Warga Salaman Digegerkan Banyak Ayam Mati Mendadak

0
365
MISTERIUS : Puluhan bangkai ayam mati kaku tersebar di dekat rumah rumah warga di Salaman (20/11)--(Foto--istimewa)
MISTERIUS : Puluhan bangkai ayam mati kaku tersebar di dekat rumah rumah warga di Salaman (20/11)--(Foto--istimewa)

BNews–SALAMAN– Warga di Desa Sawangargo, Kecamatan Salaman digegerkan dengan banyak bangkai ayam tergeletak di sekitaran rumah penduduk. Mereka kaget karena hewan peliharaan warga ini tiba-tiba mati begitu saja (20/11).

 

Salah satu warga Dusun Dukuh Wetan Desa Sawanggargo Dasman menerangkan bahwa banyak bangkai ayam tergeletak di sekitaran rumah penduduk.”Kita tidak tahu persinya kenapa ini bisa terjadi sehari sebelumnya baru empat ekor yang mati tetapi sampai hari ini total ayam mati sudah mencapai 30 ekor,”katanya.

Sebenarnya awal mula terjadi dua minggu lalu di dusun sebelah yakni Dusun Citakan Desa Kliwonan disana ada ayam mati sebanyak 10 ekor dan selanjutnya hingga hari ini di Dusun Dukuh Wetan total sebanyak 30 ekor.”Saya sebenarnya memelihara ayam milik tetangga, bangkai ayam yang mati saya cek bersama warga lain terlihat di bagian kepala ayam berwarna biru,” imbuhnya.

“Saya bersama warga berinisiatif membuang bangkai-bangkai ayam tersebut di sebuah kolam yang berisi ikan lele agar menjadi makanannya,” terangnya.

Dengan kejadian ini Dasman dirugikan material sekitar Rp 200 ribu.”Saya sendiri sekitar Rp 200 ribu, Jago peliharaan saya saja kalau dijual bisa mencapai Rp 100 ribu per ekor, ini belum warga lain,” ujar Dasman.

Hal serupa di rasakan oleh warga Dukuh Wetan lainnya Sukastino yang mengalami hal serupa dengan Dasman.”Kemarin pagi buta setelah subuh saya cek kandang ayam piaraanya diketahui 10 ekor ayam piaraanya sudah mati kaku dengan membiru bagian kepalanya,” katanya.

“Saya sempat mempergoki salah satu hewan peliharaan tersebut dalam posisi sekarat dengan kondisi kejang-kejang yang akhirnya mati dengan kepalanya membiru dan mulutnya mengeluarkan air liur,”imbuhnya.

Selama dua minggu ini jumlah ayam dari setiap warga bisa empat sampai 11 ekor yang mati.

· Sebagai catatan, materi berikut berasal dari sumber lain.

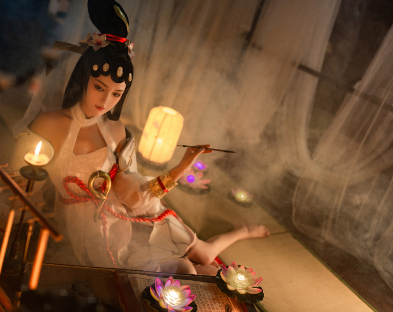 大乔白蛇皮肤的出场特效就是一出“奇迹暖暖”换装,其实要我说,变身前的大乔,一身白裙,青春又可爱感觉比变身后的还要好看呢?变身前的大乔,coser还原的也非常到位呢!有体现出那种清纯的气质。

Warga khawatir jika fenomena ini terus berlangsung, maka juga bisa menyasar unggas lain seperti bebek.

“Kalau bebek ikut mati maka peternak nanti bisa merugi lebih banyak dikarenakan harga bebek per ekor saja sudah mencapai sekitar Rp 70 ribu,” ungkap warga lain Tion.

Dengan kejadian ini pihak Polsek Salaman mendatangi TKP untuk mencari tau fenomena ini. Salah satu anggota babinsa Polsek Salaman datang ke lokasi dan mendata peristiwa tersebut.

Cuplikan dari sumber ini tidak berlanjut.